Thursday, March 13, 2008

It's A Stretch

Yesterday I went to the orientation session for the Fibromyalgia study that I'm participating in. I was a little disappointed that we didn't do anything but fill out baseline forms and listen to descriptions of what we were going to do, but well, I assume they do all these things for a reason.

I'll be going to Tai Chi classes twice a week, on Monday and Wednesday, and be expected to practice at home for 20 minutes per day. It's very doable, and I'm looking forward to actually learning the moves.

It was interesting meeting other people with fibromyalgia; I'd never met anyone else who had it before. Some people were a lot worse off than I am--one walked with a cane, and another had to bring her own special pen to fill out the forms because her hands couldn't hold a regular pen. I was definitely the youngest in the group, and the only one who didn't seem to get into the conversations about symptoms. I always feel like I need to stay on top of my pain, and not wallow in it. It was strange to look at the questions that asked things like "Does your pain ever keep you from performing your work?" and mark no. The full answer is really: "It could keep me from doing things, but I refuse to let it."

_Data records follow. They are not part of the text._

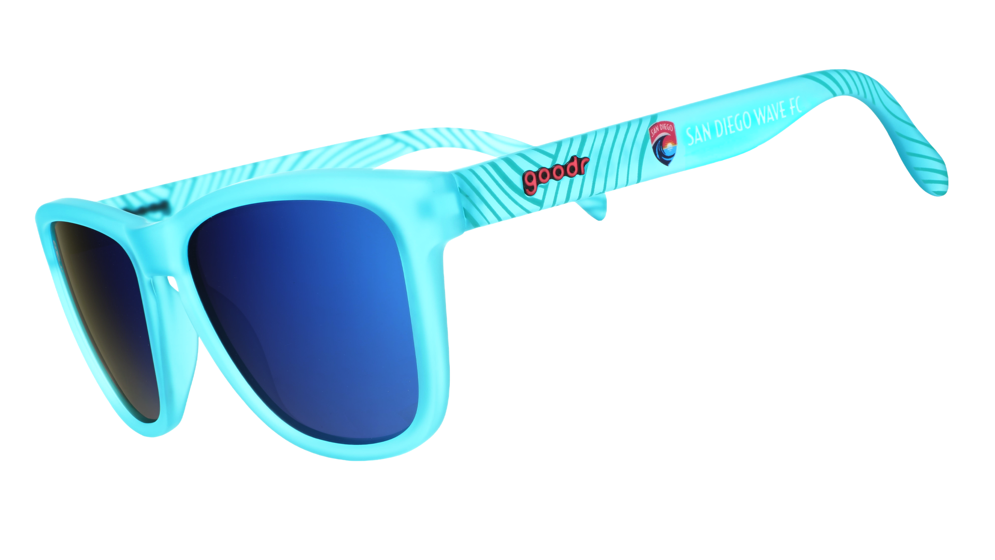 Catch the fútbol vibes with San Diego Wave FC sunglasses! Featuring vibrant blue translucent OG frames, purple-blue reflective lenses, and custom NWSL packaging. Big energy, bigger waves, and no sand in weird places. Catch this wave or get crushed.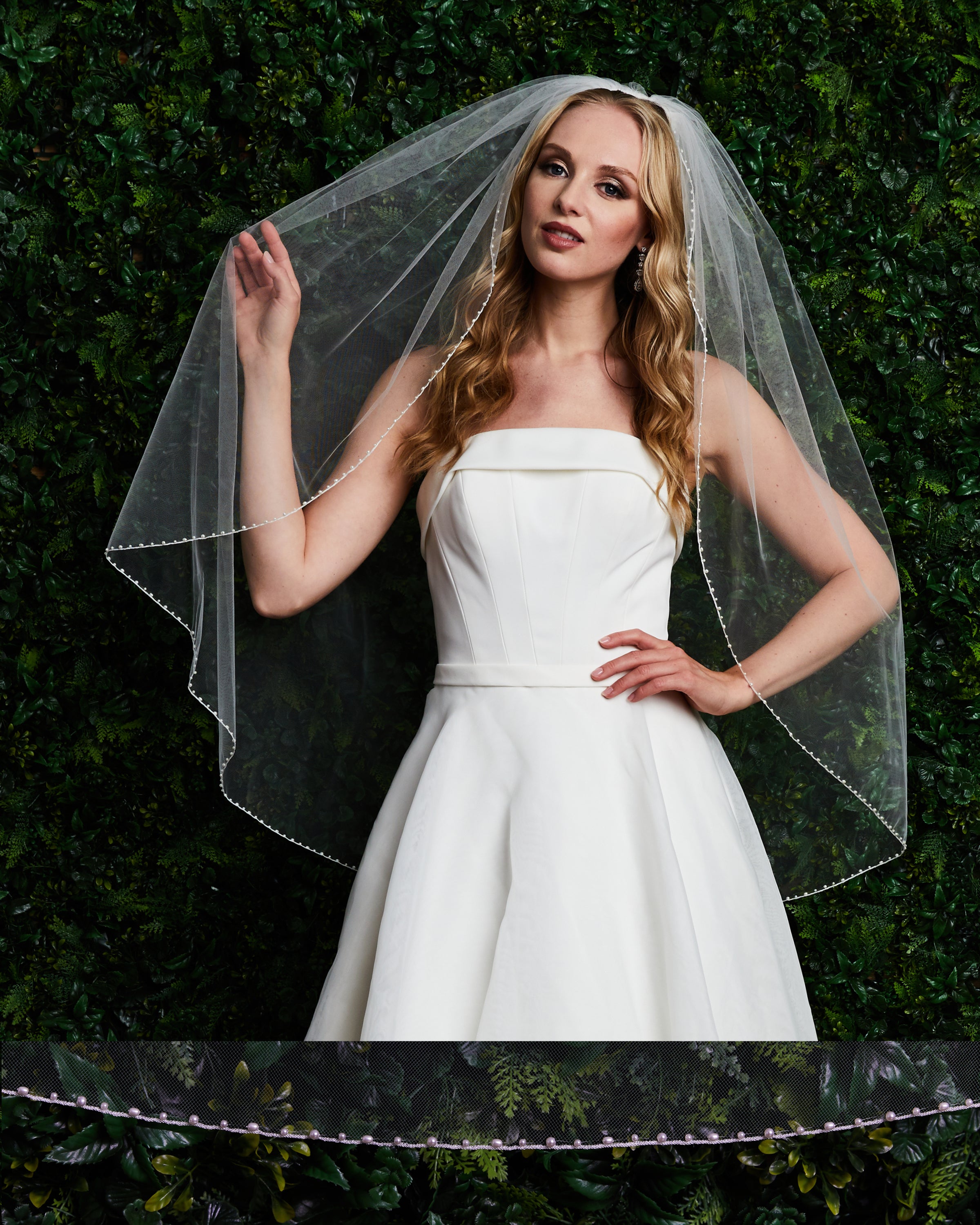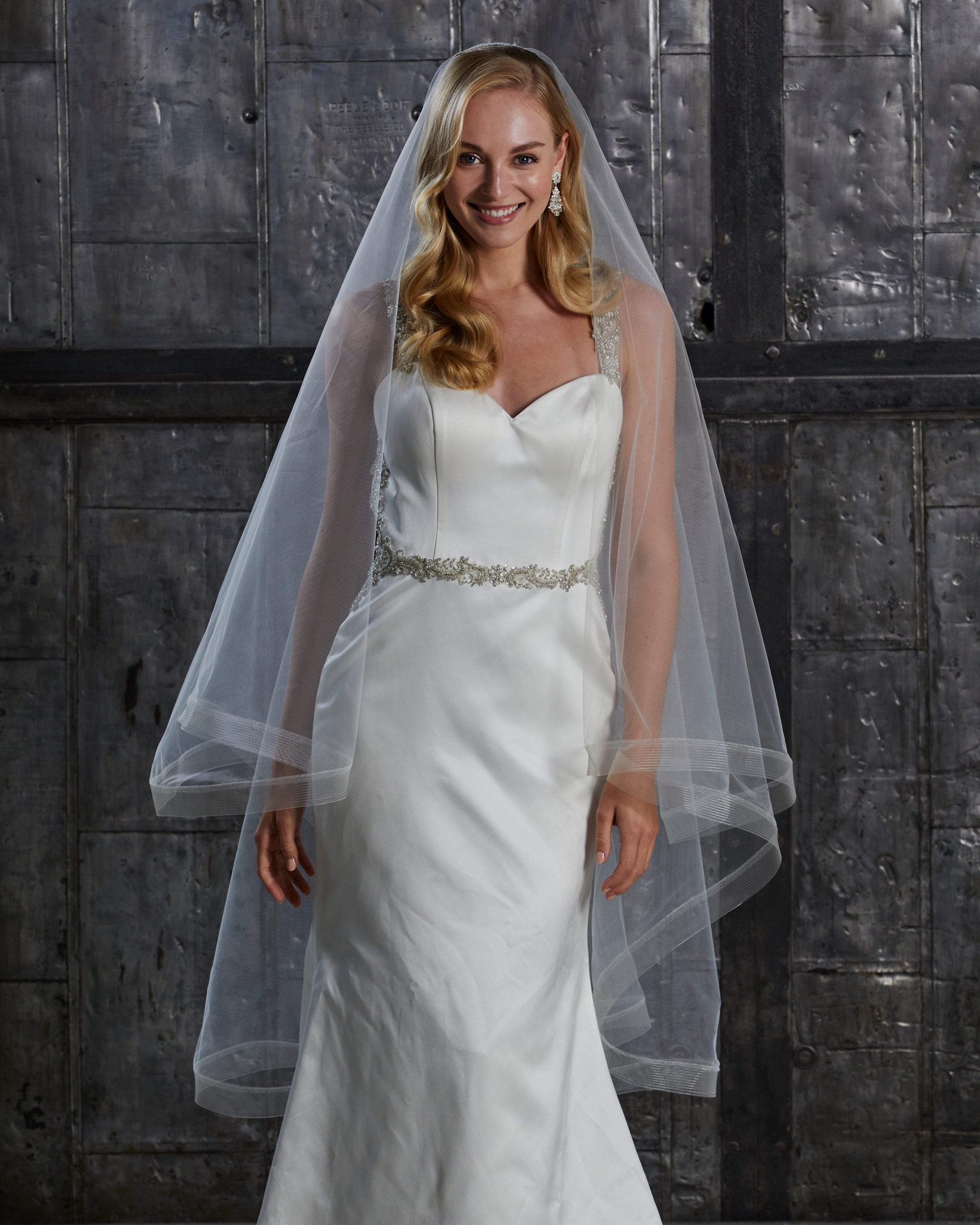 Horsehair edge 1.5” wide horsehair. Fold over veil sewn flat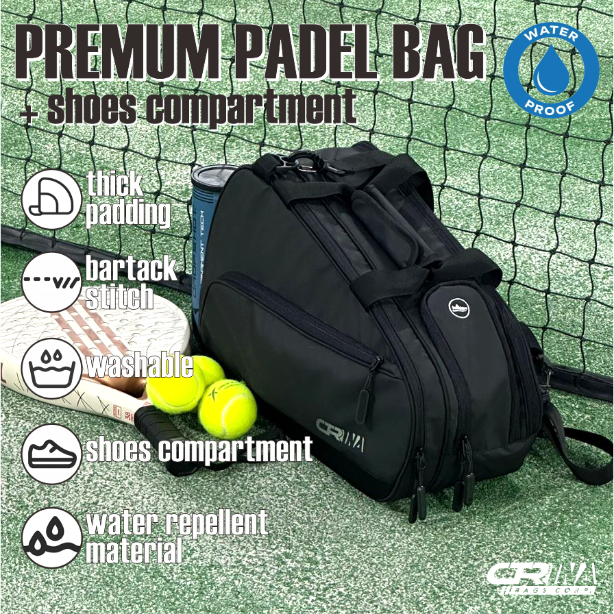 Tas Padel Waterproof Premium | Tas Raket Tenis Sekat Sepatu Bisa Custom Nama | Srt Bag Multifungsi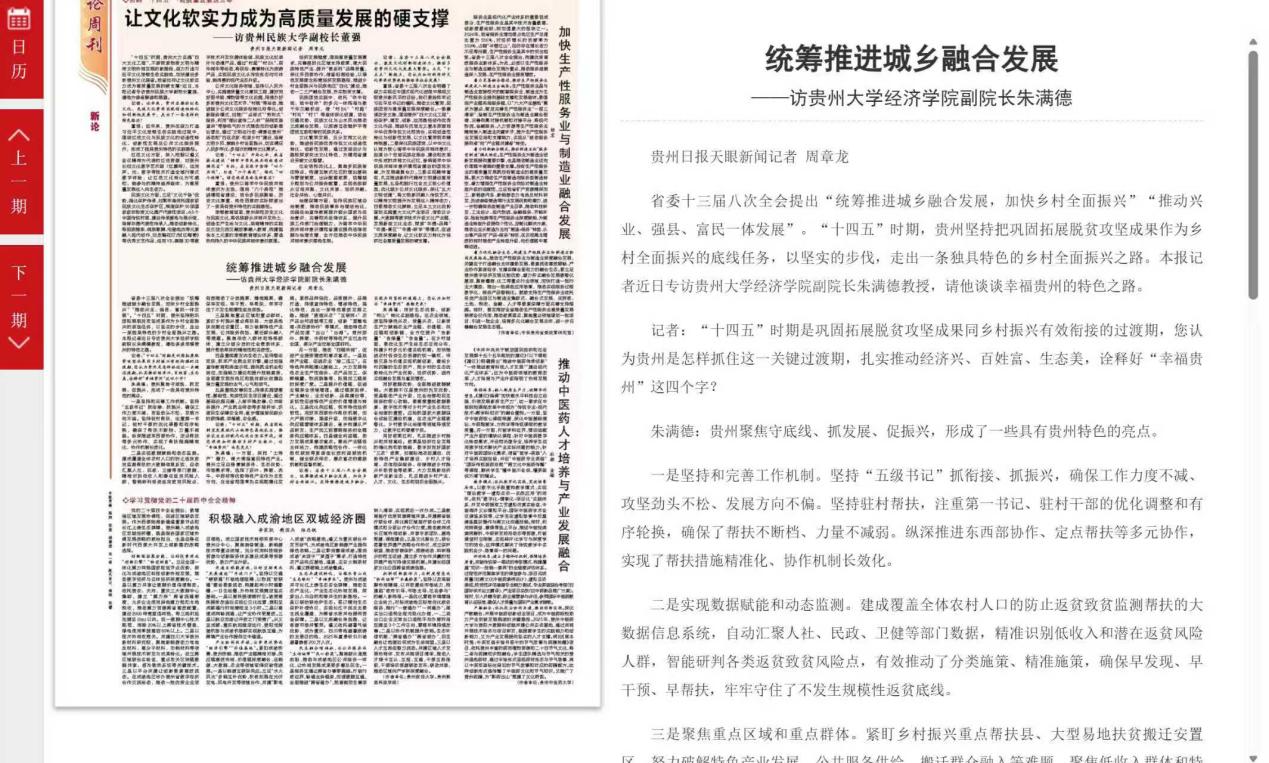 2025年11月26日,贵州日报就“十四五”时期贵州统筹城乡融合发展、推进乡村全面振兴相关问题,专访了贵州大学经济学院副院长朱满德教授。

The other thing that was interesting about meeting other sufferers was the constant echo of "no one believes there's anything wrong with me." It's true, that except perhaps for the person with the cane, none of the people I saw looked like they were in pain, but I know from experience that they probably were. Fibromyalgia is nearly invisible to the outside observer. I suppose that's why I'm optimistic about the Tai Chi--it seems to be "invisible" in its effects, much like the disease itself. We'll see what happens.

2 responses:

Vanessa said...

I don't remember how we got on the subject, but at a friend's going away party the friend that was leaving happened to mention that his friend was potentially diagnosed with fibromyalgia and said "it's one of those things doctors tell you you have when they don't know what's actually wrong with you." This seems to echo your "no one believes there's anything wrong with me." . . . none of the people I saw looked like they were in pain, but I know from experience that they probably were. Fibromyalgia is nearly invisible to the outside observer. Having worked with a girl last summer who suffered from fibromyalgia, and having read some of what you've written about it, I knew it wasn't a "fake disease" and told him so. We've had severe disagreements before, and as it was his going away party I didn't want to push it too much. I was so frustrated at what he was saying though!

Reg Golb said...

If you haven't already done so (and aren't afraid to try something outside our medical system) look into the Blood Type Diet.